Tradecraft dictated he switch buses a couple of times before he eventually found himself in Dallas, Texas. He booked himself into an anonymous hotel near the airport, took one of the longest showers of his life, and slept for twelve straight hours. When he woke, he ate breakfast in his room while his clothes were being laundered, feeling very much like a new man.
Only then did he check in with Roland d’Avejan. As expected, his employer wasn’t pleased with the news Coetzer related.
“Amelia Earhart?” d’Avejan scoffed after spewing profanities for a solid minute. “She had to be lying.”
“That’s what she said, and by that point she was no longer capable of holding anything back from me.”
There was a pause. Coetzer could sense that the Frenchman wanted to ask how he could be certain but was hesitant to know the details. Instead he asked, “What about the American who has been such a thorn in our side?”
“Philip Mercer? I have every reason to believe he is dead, meneer.”
“But you did not see him die?”
“That is correct. The last time I saw him he was trapped in a house that was being swept down a river. Moments after I left him I saw the house smash into a bridge. It was totally destroyed. However, until his body is recovered I will always assume that he somehow managed to survive.”
“Your famous caution?” This was said with some snide derision.
“It has kept me alive while so many of my comrades have fallen,” Coetzer replied without rancor.

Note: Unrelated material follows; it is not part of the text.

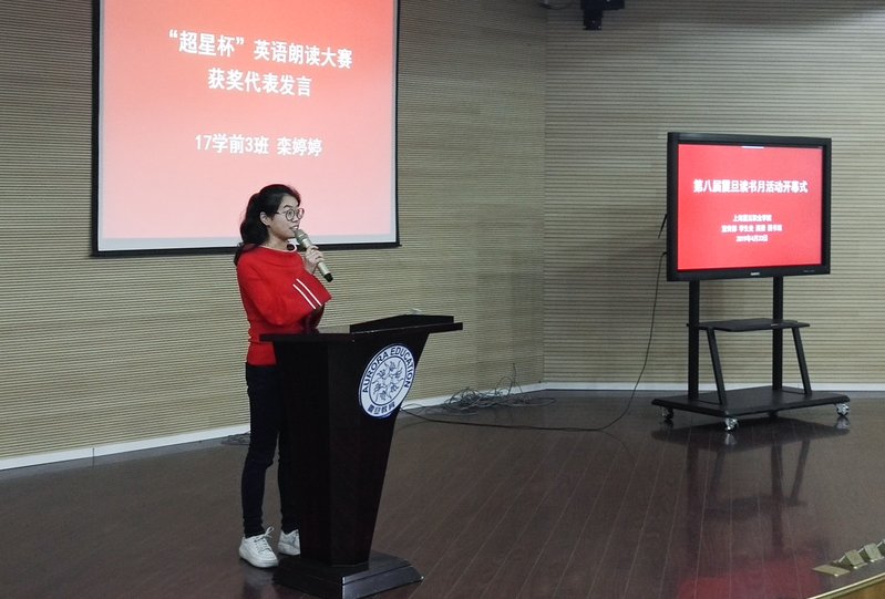 獲得英語朗讀大賽一等獎(jiǎng)的17學(xué)前3班欒婷婷同學(xué)作為學(xué)生代表發(fā)言,她分享了英語學(xué)習(xí)的有關(guān)經(jīng)驗(yàn),鼓勵(lì)同學(xué)們克服惰性,利用收聽英語廣播、練習(xí)配音、加入朗讀小組等方法勤加磨煉,逐步提高。

He recognized that his employer was still seething mad and just wanted to goad somebody so he would feel in control again. Coetzer kept regular tabs on d’Avejan, and several other key people at Eurodyne, in case he ever needed leverage. He was aware, therefore, of d’Avejan’s escalating OCD and suspected that as soon as the call ended, the Frenchman would step into his en suite shower and sear his body with custom-made acidic soap. He supposed this behavior was preferable to beating his wife or mistress, but the fetish unnerved Coetzer.
D’Avejan grunted. “I guess we will have to make do with the sample passed down to me through my family, and the shard you recovered in the mine in Minnesota. Along with the artificial crystal we managed to grow in the lab we can go forward, but it will take a great deal more time for the effects to become noticeable. And that always leads to the possibility that we will be discovered.”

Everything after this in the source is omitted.